People go about their daily lives never seeing technologies growing to eventually displace them, even when it’s right in front of their noses.
James Lyman BSAE, BSEE, MSSM
I just witnessed such an example this week while picking up a prescription refill. Living two counties away from where I do my weekly shopping, I leave off refills on Wednesday to be picked up the next Wednesday giving the pharmacy a whole week to fill a new bottle with pills. In this one case, I went two weeks not wanting to grocery shop the day before Thanksgiving, so I was just a little perturbed when I went to pick up the order and found nothing. Not only that, but they didn’t even know anything about the refill or what it was suppose to be. I no longer had the empty bottle, therefore didn’t have the refill prescription. Two weeks to do a simple job, which they had been doing continually for years . . . and they flubbed it!
First, a little background of my pharmacy experience, before going on to the main theme of this article. Like other elderly people, my doctor has prescribed several preventive maintenance drugs, and since the HEB that I do my weekly grocery shopping has a pharmacy, I started there. Apparently it isn’t a very pleasant shop to work in, the people behind the counter having a continual scowl, always changing out with new people, but what the hell . . . as long as they got the job done right, who cares? Then after a few years I go to pick up a prescription and they’ve lost the bottle, had no idea what I needed, telling me in essence, ‘spend you own time to straighten up our goof-up!’ And I did by moving my business a mile down the road to a CVS pharmacy.
The people behind the counter were the same dowdy people I found at HEB, people constantly changing, seeming a new face every week. It was about a month or so when I get a phone call from CVS saying one of my prescriptions needed to be renewed and told me to call my doctor and have it done. Instead, I moved my business back up the road to Target’s pharmacy who I then did business with for several years. The pharmacist and his assistant where good conscience people who quickly knew me and I them. They took care of business without any troubles or goof-ups. A couple of years ago, CVS bought out Target’s pharmacy system, and after my previous experience with CVS, I was a little fearful, but with the same people behind the counter, it was business as usual.

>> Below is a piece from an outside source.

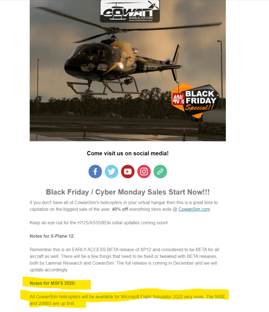 Meanwhile, sales for CowanSim helicopters are now on with 40% off in a Black Friday special over on their webstore.

Then a couple of months ago, the people who were running such a tight ship were transferred to another Target-CVS which was having a lot of problems, and so new people were brought in. I was back to seeing different people each week I went in. Then after Thanksgiving, I went to pickup that prescription only to find they didn’t have it and had no idea what drug it was. Back to square one! But this time technology had come to my rescue with a new Amazon company called PillPack, who claimed to use modern technology automation to package my medications in small envelopes with the correct dosage. So . . . I signed up!
This is what happens so often. Anytime there’s a problem with workers, management goes looking for machines to do the job. Doesn’t matter if it’s the employee’s fault, the employers fault, societies, the governments, everyone’s fault or no one’s fault. The solution is to find technology to get around whatever the problem is, and more often than not, a machine can be found to solve it. Unbelievable as it might sound, people are just diddly-bopping around without a care in the world, oblivious that they are constantly in competition with machines for their jobs . . . having a casual gay abandonment about their jobs that defies description. No one seems to realize what is happening. Oblivious to the Golden Rule of Automation, despite it having been around since the seventies or so.
Golden Rule of Automation
If you want something done right . . . get rid of the human!

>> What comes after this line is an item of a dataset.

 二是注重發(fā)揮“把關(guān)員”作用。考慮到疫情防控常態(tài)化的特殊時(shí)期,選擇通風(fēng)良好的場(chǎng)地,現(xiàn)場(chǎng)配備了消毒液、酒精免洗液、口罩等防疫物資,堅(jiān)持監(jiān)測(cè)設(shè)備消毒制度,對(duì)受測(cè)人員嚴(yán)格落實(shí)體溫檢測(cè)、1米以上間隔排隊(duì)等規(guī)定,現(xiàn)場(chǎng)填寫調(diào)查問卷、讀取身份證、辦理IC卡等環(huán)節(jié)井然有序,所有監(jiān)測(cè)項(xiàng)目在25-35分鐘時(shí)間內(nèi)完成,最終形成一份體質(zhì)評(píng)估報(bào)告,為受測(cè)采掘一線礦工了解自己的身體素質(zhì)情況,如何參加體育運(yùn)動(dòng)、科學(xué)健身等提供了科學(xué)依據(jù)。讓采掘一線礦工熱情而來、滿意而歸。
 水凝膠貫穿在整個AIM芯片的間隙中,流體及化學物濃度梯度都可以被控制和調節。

Unbeknownst to most, the Golden Rule has governed the job market for the last several decades, shaping the destiny of both young and old. Nevertheless, that rule continues to cut great swaths through the ranks of American jobs, usually leaving behind people with less opportunity for re-employment with the pay and compensation equal to what they had been getting. A slide down the slippery slope towards those ‘tent city’ folks we seen so many pictures of on the news. And once lost, people stand in bewilderment, puzzling over why the world no longer wants or needs them.
Needless to say, this isn’t a good time for people to exercise or accept non-performance in their jobs, no matter for what the reason. This is what I find so infuriating about people (workers) standing behind the counter, like the ones at CVS-Target, who seemingly care nothing about their jobs being lost to machines because of their negligence. All those machines are like sharks silently circling around, and when someone dribbles a few drops of blood in the water, those sharks instantly smell it and silently zoom in to attack a job field, leaving no ‘survivors’. Right now, we have a benign environment of jobs and economy that is being squandered away instead of facing the problem when there might still be things that can be done, starting with employees being more conscious of the Golden Rule and striving to avoid those ‘drops of blood’ being dripped in the waters of their career fields. The net result is people never see technologies developing which can take their jobs, that can shuffle them out to the sidelines to work at lesser jobs for less pay . . . if they are luck.
And if you don’t think automation is a big concern, just watch the school teachers and truck drivers . . . because they’re the next ones out!